▸ ASSIGNMENT: In your copy, set down the entries exactly and exclude the pictures.
+-------+
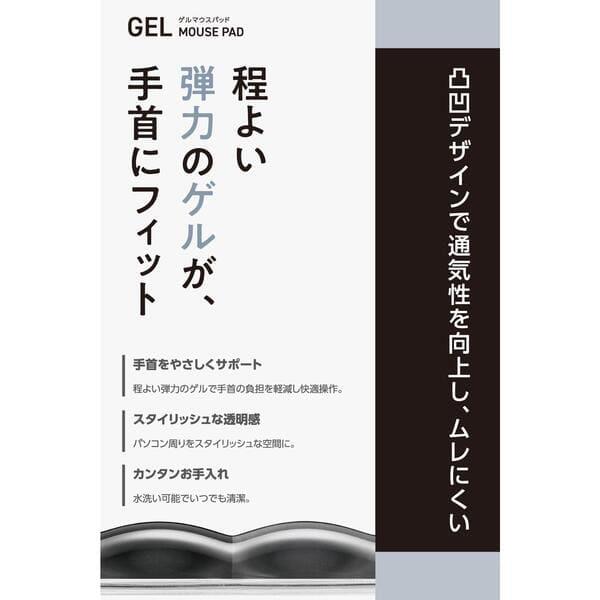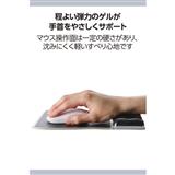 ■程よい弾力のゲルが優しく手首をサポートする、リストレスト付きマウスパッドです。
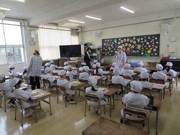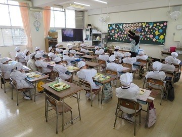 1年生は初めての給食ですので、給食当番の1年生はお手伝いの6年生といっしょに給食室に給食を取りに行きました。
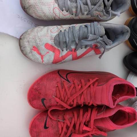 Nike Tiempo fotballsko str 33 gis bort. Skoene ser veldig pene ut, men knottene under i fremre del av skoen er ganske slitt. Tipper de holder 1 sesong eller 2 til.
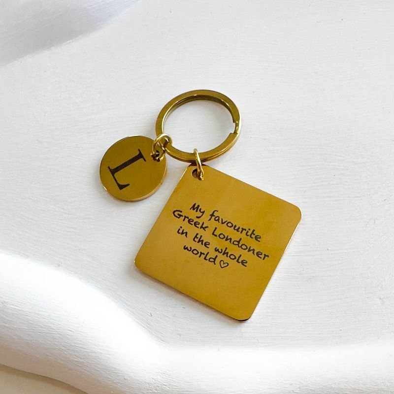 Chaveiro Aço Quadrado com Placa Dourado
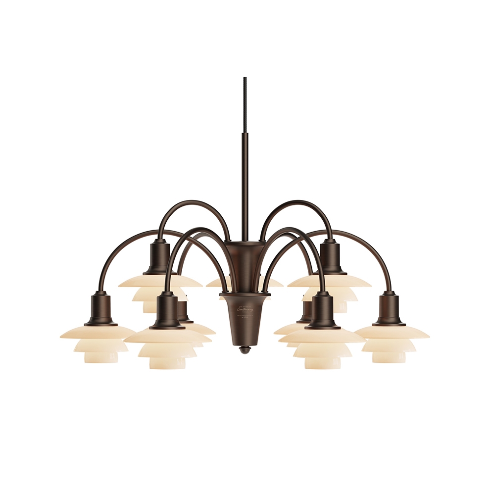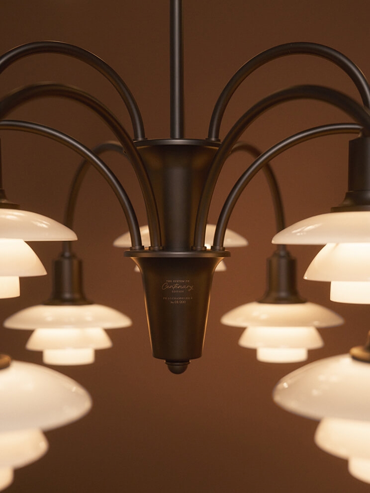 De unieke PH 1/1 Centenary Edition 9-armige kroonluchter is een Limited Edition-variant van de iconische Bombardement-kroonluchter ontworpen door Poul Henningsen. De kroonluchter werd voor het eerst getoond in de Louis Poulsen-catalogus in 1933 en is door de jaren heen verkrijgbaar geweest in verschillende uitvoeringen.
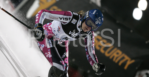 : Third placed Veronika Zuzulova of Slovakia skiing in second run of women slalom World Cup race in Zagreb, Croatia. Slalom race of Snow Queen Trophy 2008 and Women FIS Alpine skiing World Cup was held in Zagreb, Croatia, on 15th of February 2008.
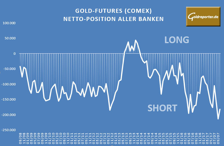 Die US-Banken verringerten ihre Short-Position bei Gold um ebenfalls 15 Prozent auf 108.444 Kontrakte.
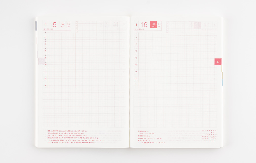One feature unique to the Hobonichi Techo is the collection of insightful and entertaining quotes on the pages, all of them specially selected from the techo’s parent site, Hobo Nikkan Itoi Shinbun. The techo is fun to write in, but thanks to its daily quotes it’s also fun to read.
+-------+
▸ OUTPUT FOR THIS TASK:
 ■程よい弾力のゲルが優しく手首をサポートする、リストレスト付きマウスパッドです。
 1年生は初めての給食ですので、給食当番の1年生はお手伝いの6年生といっしょに給食室に給食を取りに行きました。
 Nike Tiempo fotballsko str 33 gis bort. Skoene ser veldig pene ut, men knottene under i fremre del av skoen er ganske slitt. Tipper de holder 1 sesong eller 2 til.
 Chaveiro Aço Quadrado com Placa Dourado
 De unieke PH 1/1 Centenary Edition 9-armige kroonluchter is een Limited Edition-variant van de iconische Bombardement-kroonluchter ontworpen door Poul Henningsen. De kroonluchter werd voor het eerst getoond in de Louis Poulsen-catalogus in 1933 en is door de jaren heen verkrijgbaar geweest in verschillende uitvoeringen.
 : Third placed Veronika Zuzulova of Slovakia skiing in second run of women slalom World Cup race in Zagreb, Croatia. Slalom race of Snow Queen Trophy 2008 and Women FIS Alpine skiing World Cup was held in Zagreb, Croatia, on 15th of February 2008.
 Die US-Banken verringerten ihre Short-Position bei Gold um ebenfalls 15 Prozent auf 108.444 Kontrakte.
One feature unique to the Hobonichi Techo is the collection of insightful and entertaining quotes on the pages, all of them specially selected from the techo’s parent site, Hobo Nikkan Itoi Shinbun. The techo is fun to write in, but thanks to its daily quotes it’s also fun to read.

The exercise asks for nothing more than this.